Why longer runs need more
The outdoor unit is charged for the system plus a standard length of pipe — commonly 15 or 25 ft (5 or 7.5 m). Every foot beyond that holds refrigerant, mostly as dense liquid in the liquid line. Without topping it up, a long run leaves the system starved: low subcooling, reduced capacity and a hungry evaporator.
How much per foot
It depends almost entirely on the liquid line diameter, because that pipe is full of liquid — the big suction line holds comparatively little vapour.
| Liquid line | Add per foot |
|---|---|
| ¼″ (6.35 mm) | ~0.2 oz/ft (20 g/m) |
| ⅜″ (9.52 mm) | ~0.6 oz/ft (50–57 g/m) |
| ½″ (12.7 mm) | ~1.2 oz/ft (110 g/m) |
These are typical figures — if the installation manual states one, use that instead.

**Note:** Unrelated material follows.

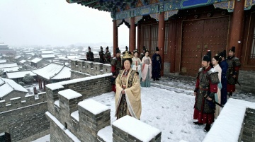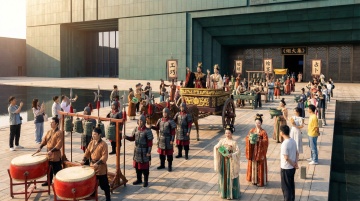 中式古典场景,3D重拟物风呈现古代城建实景,水墨与岩彩元素融合,人物服饰考究,展现先民筑城劳作的生动画面。
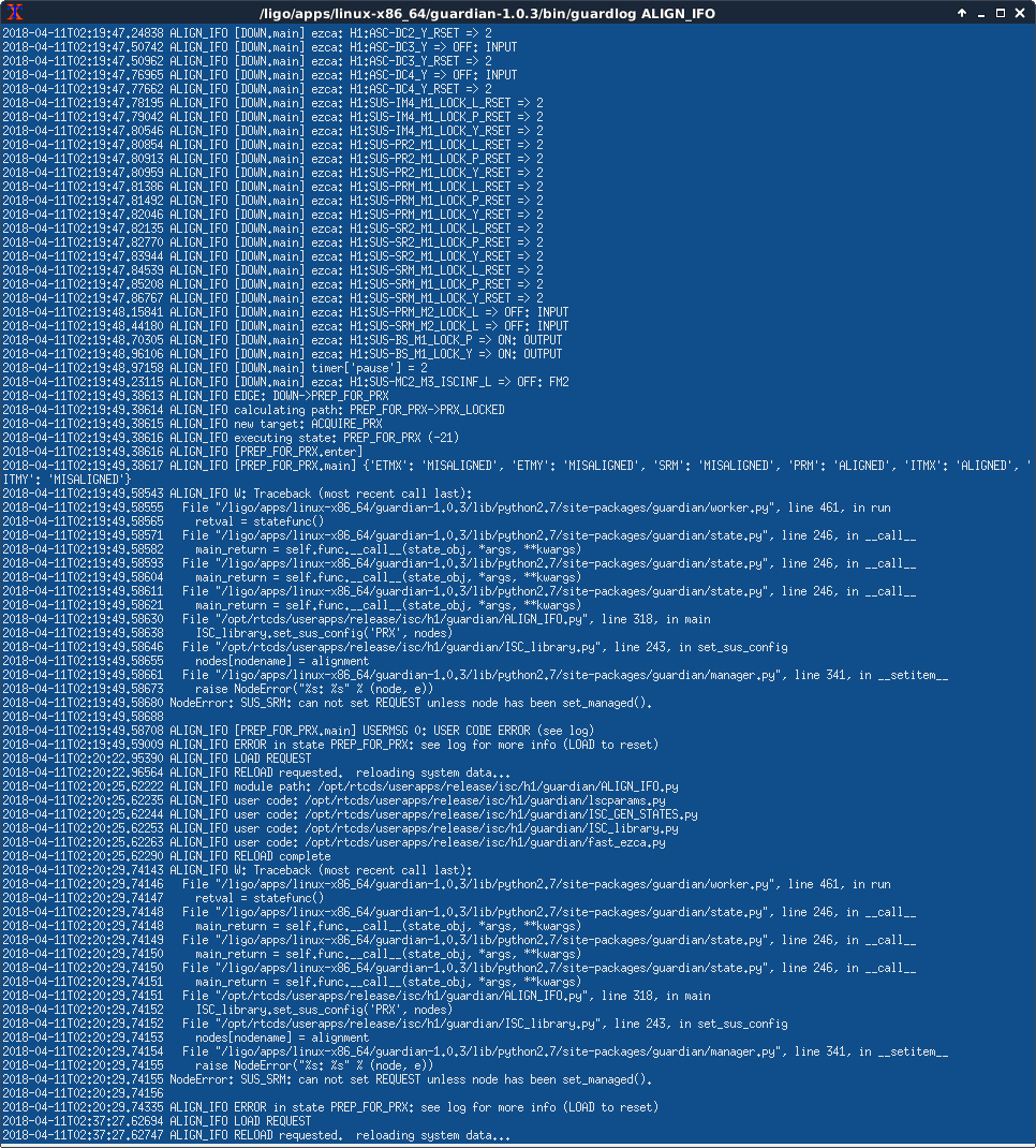 jameson.rollins@opsws12:~ 0$ ssh guardian@h1guardian1 status SUS_BS ● guardian@SUS_BS.service - Advanced LIGO Guardian service: SUS_BS Loaded: loaded (/usr/lib/systemd/user/guardian@.service; enabled; vendor preset: enabled) Drop-In: /home/guardian/.config/systemd/user/guardian@.service.d └─timeout.conf Active: active (running) since Sun 2018-04-08 14:48:47 PDT; 1h 53min ago Main PID: 24724 (guardian SUS_BS) CGroup: /user.slice/user-1010.slice/user@1010.service/guardian.slice/guardian@SUS_BS.service ├─24724 guardian SUS_BS /opt/rtcds/userapps/release/sus/common/guardian/SUS_BS.py └─24745 guardian-worker SUS_BS /opt/rtcds/userapps/release/sus/common/guardian/SUS_BS.py Apr 08 14:48:50 h1guardian1 guardian[24724]: SUS_BS executing state: ALIGNED (100) Apr 08 14:48:50 h1guardian1 guardian[24724]: SUS_BS [ALIGNED.enter] Apr 08 16:01:45 h1guardian1 guardian[24724]: SUS_BS REQUEST: ALIGNED Apr 08 16:01:45 h1guardian1 guardian[24724]: SUS_BS calculating path: ALIGNED->ALIGNED Apr 08 16:01:45 h1guardian1 guardian[24724]: SUS_BS same state request redirect Apr 08 16:01:45 h1guardian1 guardian[24724]: SUS_BS REDIRECT requested, timeout in 1.000 seconds Apr 08 16:01:45 h1guardian1 guardian[24724]: SUS_BS REDIRECT caught Apr 08 16:01:45 h1guardian1 guardian[24724]: SUS_BS [ALIGNED.redirect] Apr 08 16:01:45 h1guardian1 guardian[24724]: SUS_BS executing state: ALIGNED (100) Apr 08 16:01:45 h1guardian1 guardian[24724]: SUS_BS [ALIGNED.enter] jameson.rollins@opsws12:~ 0$

Refrigerant Line Set Charge Calculator
Enter liquid line size and run length for the extra refrigerant beyond the pre-charged length.
What length does the factory charge cover?
Most splits are pre-charged for 15 or 25 ft (5 or 7.5 m); bigger ducted and VRF units differ. It is printed on the outdoor unit’s nameplate or in the installation manual, along with the maximum allowed line length and elevation difference — stay inside those limits, because no amount of extra gas fixes an out-of-spec run.
How to add it
Weigh it in. After pressure testing and evacuating the line set, charge the calculated extra amount through the service port using a charging scale — liquid charging as the manufacturer directs. Record the added ounces on the unit’s label; the next technician (and the refrigerant log, where required) needs that number.
Shorter than the pre-charged length?
Usually nothing to do — most manufacturers say the factory charge is fine down to a minimum run of around 10 ft (3 m). Some manuals specify an amount to remove for very short runs; if yours does, follow it. Never fall below the manual’s minimum line length, which protects the compressor from oil and refrigerant surges.